The present invention relates to a composition and method for enhancing the recovery of petroleum from an oil-bearing formation. In the recovery of oil from reservoirs, the use of primary production techniques (i.e., the use of only the initial formation energy to recover the crude oil) followed by the secondary technique of waterflooding, recovers only a portion of the original oil present in the formation. Moreover, the use of certain enhanced oil recovery (EOR) techniques is also known in the art. One such technique is a gas-drive method wherein a gas, such as carbon dioxide, is used to facilitate the recovery of oil.
Surfactants are well known for their use as foaming agents in enhanced oil recovery techniques. See, for example, U.S. Pat. No. 4,380,266 to Wellington, U.S. Pat. No. 4,860,828 to Oswald et al. and U.S. Pat. No. 5,502,538 to Wellington et al. One purpose of foam is to divert the flow of the drive-gas into that portion of the formation containing high oil saturation.

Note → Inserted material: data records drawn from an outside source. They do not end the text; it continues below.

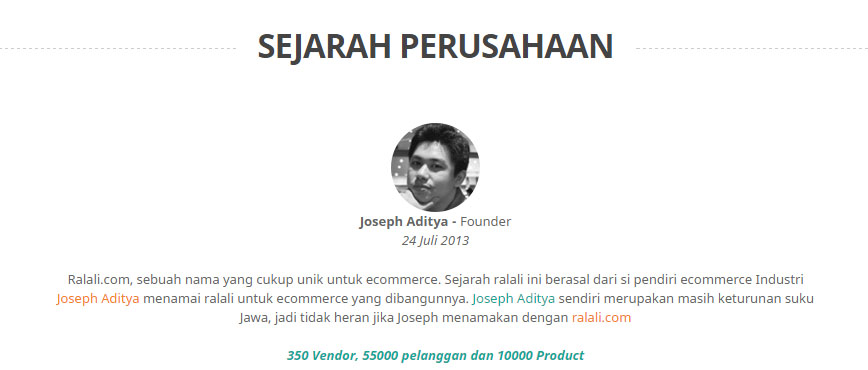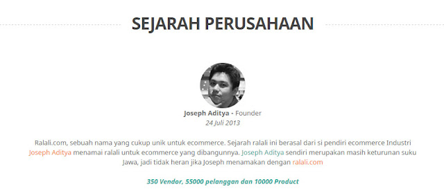 Dan yang tak kalah penting, ralali.com ini juga didirikan oleh anak muda Indonesia pada tahun 2013, namanya Joseph Aditya.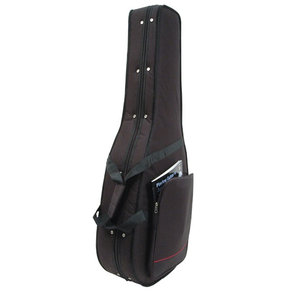 Exterior: Guitar form.  18″ x 44″ x 7″.  5.4 lbs.  Black cordura over thin padding and polyfoam frame.  Fastens with zipper.  Large music pocket with zipper.  Two side handles.  D-rings for backpack straps (included).  Stitched piping.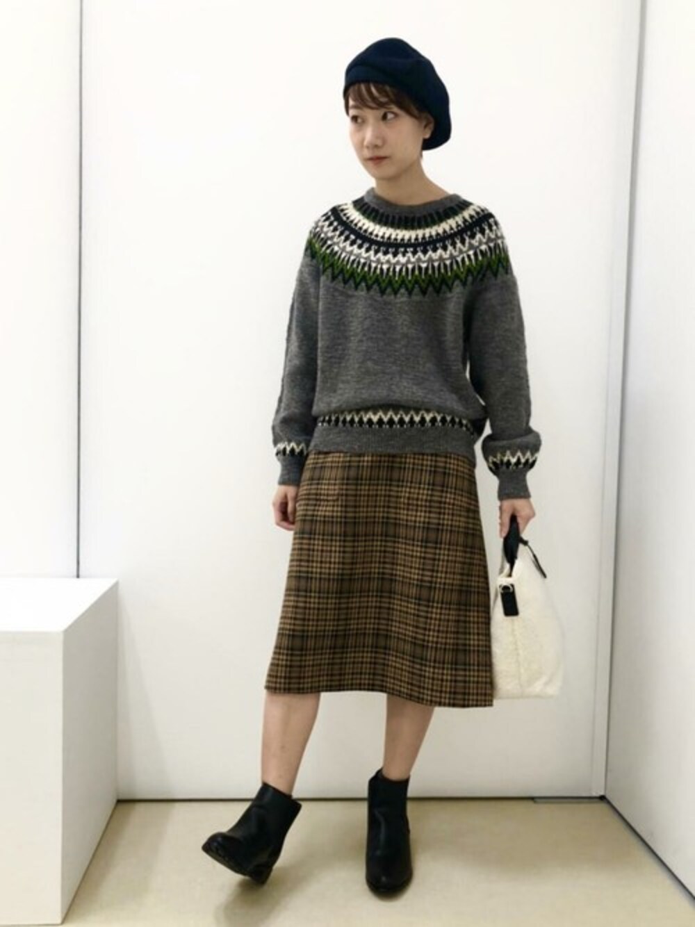 求心柄ニットにチェックスカートを合わせてトラッドでフェミニンなスタイルにしてみました☆チェックスカートは意外にもなんにでも合わせやすい万能アイテムです!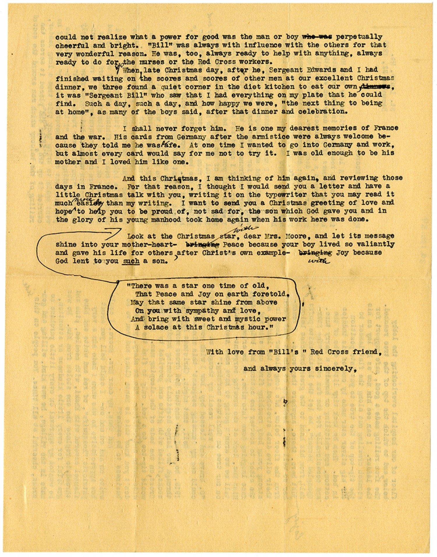 could not realize what a power for good was the man or boy perpetually cheerful and bright. "Bill" was always with influence with the others for that very wonderful reason. He was, too, always ready to help with anything, always ready to do for the nurses or the Red Cross workers. When, late Christmas day, after he, Sergeant Edwards and I had finished waiting on the scores and scores of other men at our excellent Christmas dinner, we three found a quiet corner in the diet kitchen to eat our own, it was "Sergeant Bill" who saw that I had everything on my plate that he could find. Such a day, such a day, and how happy we were, "the next thing to being at home", as many of the boys said, after that dinner and celebration. I shall never forget him. He is one my dearest memories of France and the war. His cards from Germany after the armistice were always welcome because they told me he was safe. At one time I wanted to go into Germany and work, but almost every card would say for me not to try it. I was old enough to be his mother and I loved him like one. And this Christmas, I am thinking of him again, and reviewing those days in France. For that reason, I thought I would send you a letter and have a little Christmas talk with you, writing it on the typewriter that you may read it much more easily than my writing. I want to send you a Christmas greeting of love and hope to help you to be proud of, not sad for, the son which God gave you and in the glory of his young man hood took home again when his work here was done. "There was a star one time of old, That Peace and Joy on earth foretold. May that same star shine from above On you with sympathy and love, And bring with sweet and mystic power A solace at this Christmas hour." Look at the Christmas star, dear Mrs. Moore, and let its message shine into your mother-heart- wish Peace because your boy lived so valiantly and gave his life for others, after Christ's own example- with Joy because God lent to you such a son. With love from "Bill's" Red Cross friend, and always your sincerely,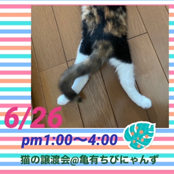 | イベント内容 | 猫の里親会@亀有ちびにゃんず 6月26日(日) 東京葛飾区亀有3-21-12 カルチャースペースあい 13:00 ~ 16:00 手の消毒剤、検温機あり マスク着用、 体調のすぐれない方は見学をご遠慮下さい。 ご質問大歓迎です。 分からない事など何でも聞いて下さい。 生涯家族の一員としてたっぷり愛情を注いでくださるご家庭をお待ちしております。 ご状況によりご希望に添えない場合もございますのでご了承下さい。 【以下の方には譲渡しておりません】 ・猫の飼育が許可されていない住居にお住まいの方 ・未成年者、友人同士&同棲でお住まいの方、乳児のいるご家庭、妊娠中の方、 ・60歳以上の方への子猫譲渡 ・脱走防止対策にご協力頂けない方 ・経済的に不安定な方(休職中、就職活動中、アルバイト等) ・仔猫の場合は留守番の多いご家庭 ・住居の構造を聞かせていただく事があります。(階下への騒音など) ・犬猫を4頭以上飼育している方 他、飼育に適切でないと判断した場合や個体により条件が違う場合があります。 【当里親会は猫さんと里親様とのマッチングを大切にしています】 はじめて猫さんをお迎えする場合に適した猫さん、お留守番の長い里親さんに適した猫さん等、お迎えする不安など経験豊富なスタッフがお話を聞き、アドバイスさせていただいています。 お気軽にお声をかけてください。 【ご負担頂く費用について】 譲渡の際に活動協力金を里親様にご負担頂く事により飼い主のいない猫の継続的治療や保護、新しいご家族の元へ送り出す事ができます。 ご理解とご協力をお願い致します。 ◆活動協力金(譲渡費用)のご負担がございます。 ★仔猫・成猫 1頭20.000 ワクチン・ウイルスチェック・駆虫が済んでいます。 成猫は不妊去勢手術済が済んでいます。 ★猫をお届けする時の交通費をいただいております。 1500〜実費 【譲渡の条件がございます】 ①終生飼育 ②完全室内飼育 ③未手術子猫は適正時期の不妊・去勢手術 ④譲渡負担金 ⑤身分証提示&契約書の署名捺印 ⑥定期報告義務(トライアル中こまめに、譲渡後1.3.6ケ月、1年に一度 ⑦二次譲渡の禁止 以上をご了承ください。 トライアル期間は全ての猫さんに設けております。 トライアル期間を経て初めて正式譲渡となります /////////////////////////////////////// https://twitter.com/shosukereiko 【里親さん募集中の猫~猫の里親をさがす会別館】 http://behappynyans.blog.fc2.com/blog-entry-13.html 【猫の里親をさがす会】 https://blog.goo.ne.jp/bobton |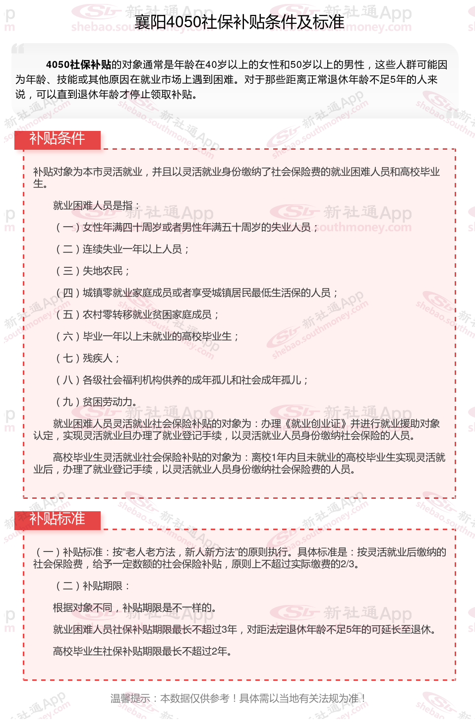 2025襄阳4050补贴主要针对的是年龄在40岁以上的女性和50岁以上的男性,这些人群通常因为年龄较大而面临就业困难。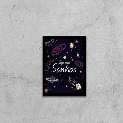 Quadro siga seus sonhos 45x34cm - com vidro Moldura: madeira preta Informações do produto tire todas as suas dúvidas no descritivo abaixo: decoração para quarto, sala, cozinha, escritório, área gourmet e muito mais. Chega de paredes vazias medidas - cada peça tem 45x34cm a3 . Material do papel - papel fotográfico brilhante de altíssima resolução acabamento - todos os quadros são acompanhados de vidro para proteção da imagem. - moldura em madeira maciça na cor preta e pendurador . - os quadros são embalados de forma segura com plástico bolha com camada dupla de acordo com o tamanho dos quadros. Garantia - garantia de 3 meses. Meu quadro chegou. Como posso fixá-lo Você precisa apenas de um martelo e um prego, pois os quadros já vão acompanhados de penduradores. Esta é a forma mais indicada. Como posso limpar meu quadro A limpeza é feita como um móvel comum da sua casa. Apenas um pano seco ou espanador são suficientes para tal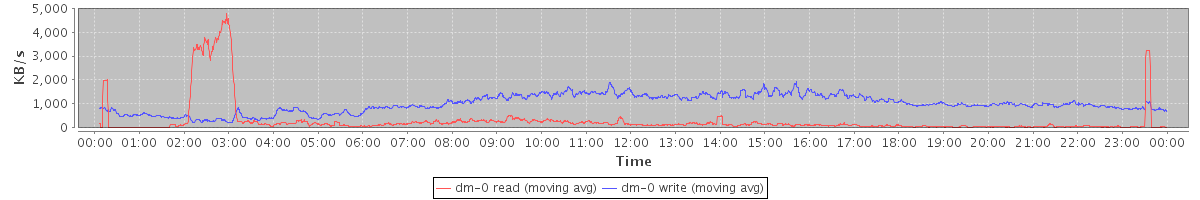 avg(dm-1 read) = 3.56 avg(dm-1 write) = 13.98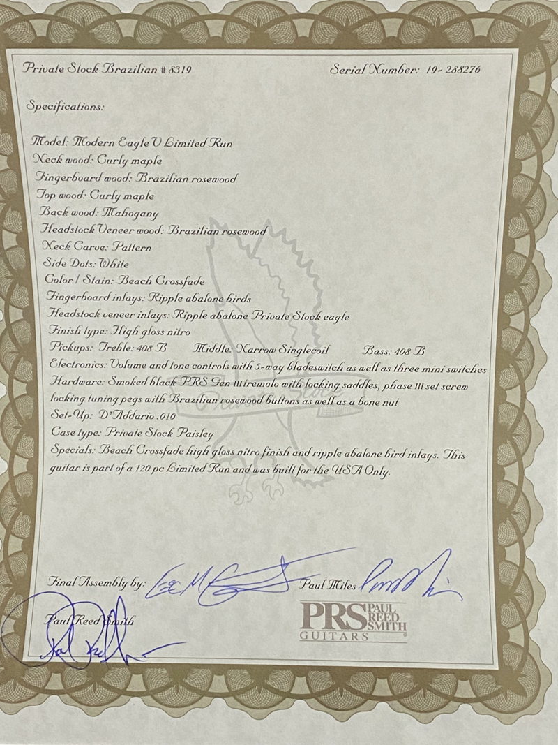 PRS Private Stock Modern Eagle V Limited Run Beach Crossfade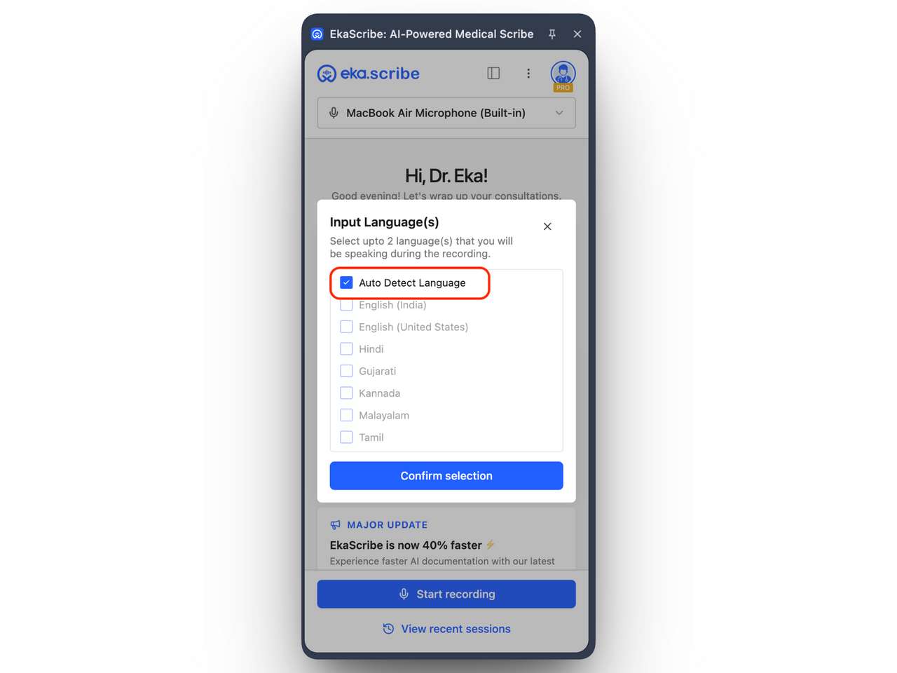 Once you enable auto-detect language in your default preferences, EkaScribe will automatically detect the input language based on your system or speech. This means you no longer need to manually select the input language every time you start a session.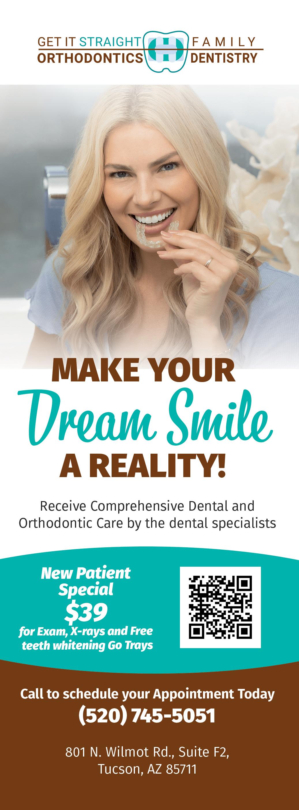 Comprehensive general dental and orthodontic care with compassion serving all ages. Braces/ Clear Aligner treatments for kids, teens and adults up to 70. TMJ therapy, appliances treating bruxism, grinding and clenching as well as Snore and sleep apnea appliance therapy. See ad, page 5.

Useful surfactants for enhanced oil recovery are alpha-olefin sulfonate surfactants. Generally, an “alpha-olefin sulfonate” is a mixture containing a hydroxyalkane monosulfonate, an alkene monosulfonate and a small amount of an alkene disulfonate. Each of these components further contains several types of structural isomers. The mixture is recognized as an alpha-olefin sulfonate (AOS) in the surfactant industry.
While alpha-olefin surfactants are largely known as “good foamers”, they are also known to suffer from numerous stability issues. For example, solubility is limited when employing alpha-olefin surfactants having longer chain lengths, i.e., greater than about C10, by the amount of salt in the injection water or formation brine. Another drawback relates to transportation, use, and/or storage of aqueous alpha-olefin sulfonates at low temperatures; reduced solubility at low temperatures often results in alpha-olefin sulfonate solutions becoming turbid.
Since each of the components of the alpha-olefin sulfonate has a different crystallization point, the alpha-olefin sulfonate causes turbidity where the component having the highest crystallization point is first allowed to precipitate as crystals at low temperatures. Once it causes white turbidity, the alpha-olefin sulfonate is unlikely to be easily returned again to a transparent state. Phase separation can result in high viscosity and/or gelling problems.
It is well known that adding a hydrotrope (a compound possessing the ability to increase the water-solubility of an organic compound) to a detergent may improve its stability. For example, alpha-olefin compositions comprising alkali metal salts, ammonium salts, or organic base salts of an alkyl- or alkenyl polyglycol ether carboxylic acid to an alpha-olefin sulfonate having 8 to 20 carbon atoms are disclosed in GB 1,225,218. Alpha-olefin compositions comprising substituted fatty acid amido component and a sulfonated hydrotrope component are taught in U.S. Pat. No. 3,852,221. U.S. Pat. No. 4,367,169 discloses alpha-olefin compositions comprising a pyridine salt. While it is well know that adding such hydrotropes to aqueous surfactant compositions may depress the freezing point of the water, they may not necessarily improve the stability of the surfactant compositions at low temperatures to a sufficient extent.
Accordingly, it is desirable to provide aqueous surfactant compositions, especially aqueous AOS compositions, which have good stability at low temperatures; for example, at −5° C. or lower in winter in accordance with storage and use conditions.